Once "Live forms feed" turns up in a line below, reproduce that line and those after it exactly, stopping after the line with "E Waste Management"; leave pictures out.

Given entries Start Marker

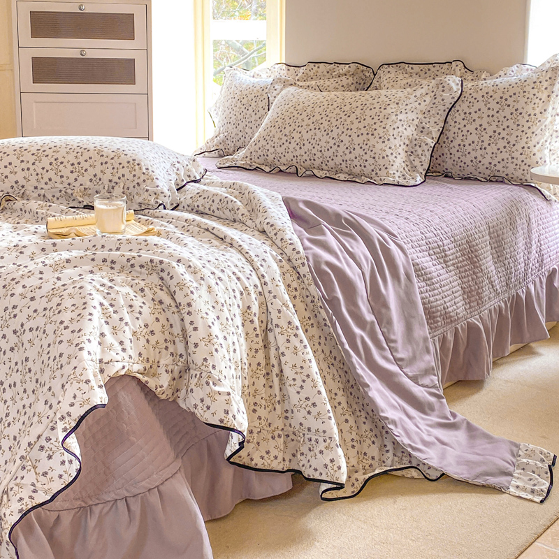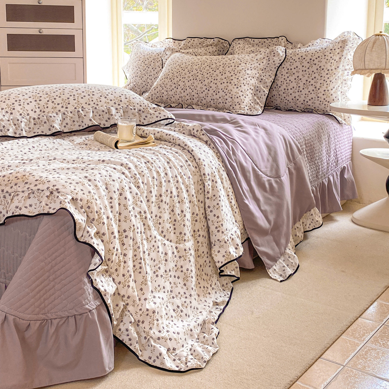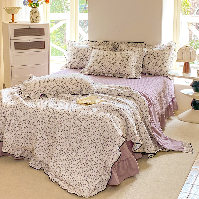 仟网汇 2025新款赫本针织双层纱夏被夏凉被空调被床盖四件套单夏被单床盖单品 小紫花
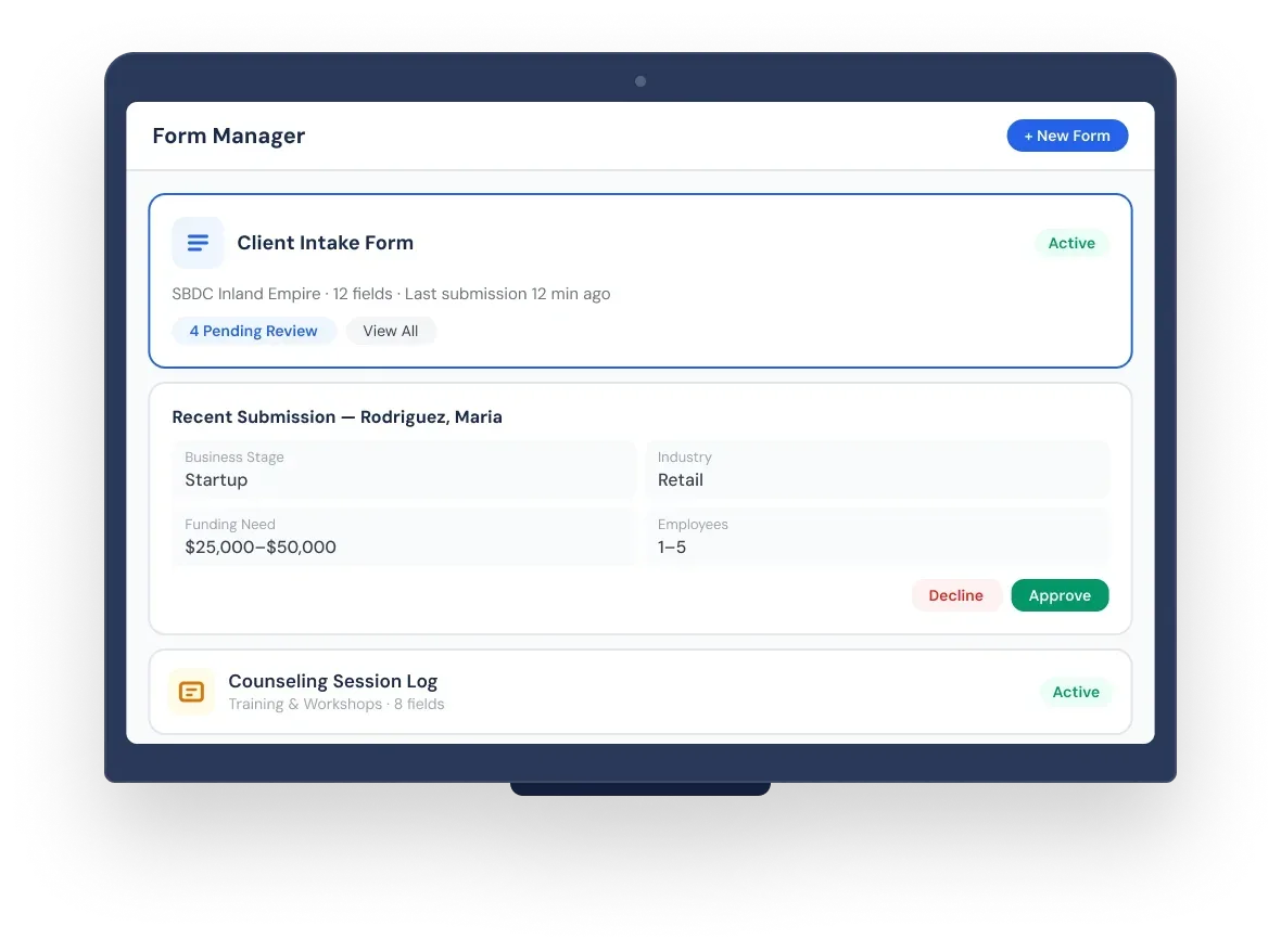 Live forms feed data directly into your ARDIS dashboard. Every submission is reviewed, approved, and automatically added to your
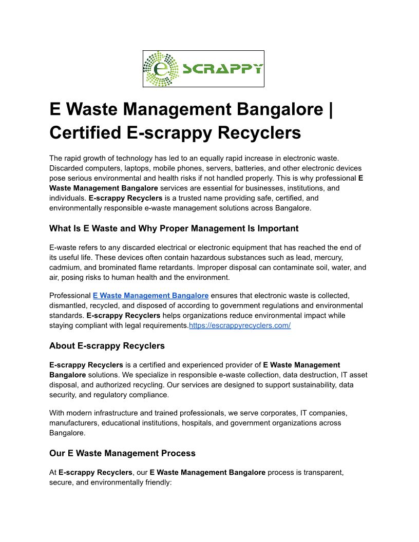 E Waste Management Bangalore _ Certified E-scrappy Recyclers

Given entries End Marker
Given entries Start Marker

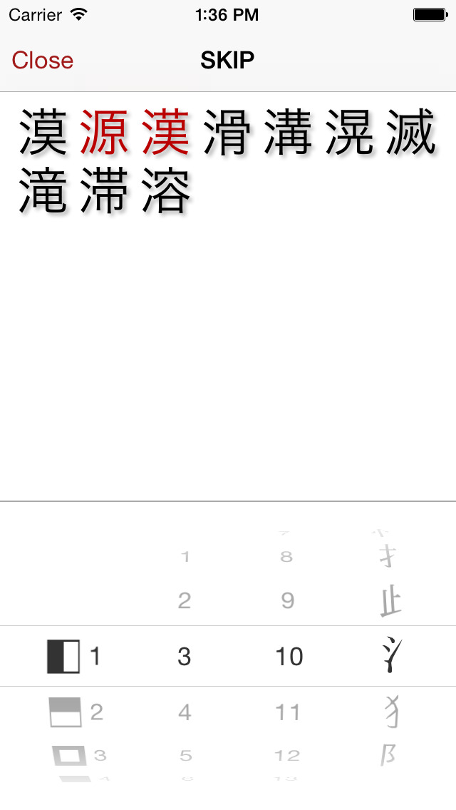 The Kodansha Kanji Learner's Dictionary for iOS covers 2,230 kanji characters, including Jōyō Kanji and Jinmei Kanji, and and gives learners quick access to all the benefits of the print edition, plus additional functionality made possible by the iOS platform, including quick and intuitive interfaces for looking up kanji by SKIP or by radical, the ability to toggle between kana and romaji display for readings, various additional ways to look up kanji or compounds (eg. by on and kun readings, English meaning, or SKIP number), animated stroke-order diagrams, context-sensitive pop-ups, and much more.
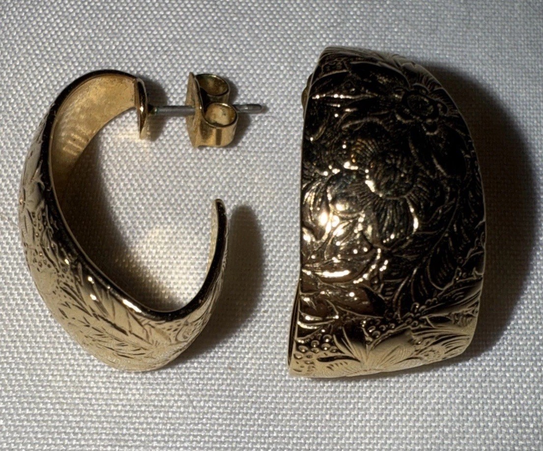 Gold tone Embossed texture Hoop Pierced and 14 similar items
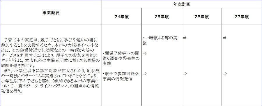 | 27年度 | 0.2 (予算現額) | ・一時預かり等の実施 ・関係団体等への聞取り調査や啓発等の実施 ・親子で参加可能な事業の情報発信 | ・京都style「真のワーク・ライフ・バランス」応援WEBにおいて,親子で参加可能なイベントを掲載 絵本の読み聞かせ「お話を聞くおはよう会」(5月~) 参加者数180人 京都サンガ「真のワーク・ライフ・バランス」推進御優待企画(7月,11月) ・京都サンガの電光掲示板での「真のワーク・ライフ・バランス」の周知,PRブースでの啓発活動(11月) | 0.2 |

Given entries End Marker

● Answer to this task:
 Live forms feed data directly into your ARDIS dashboard. Every submission is reviewed, approved, and automatically added to your
 E Waste Management Bangalore _ Certified E-scrappy Recyclers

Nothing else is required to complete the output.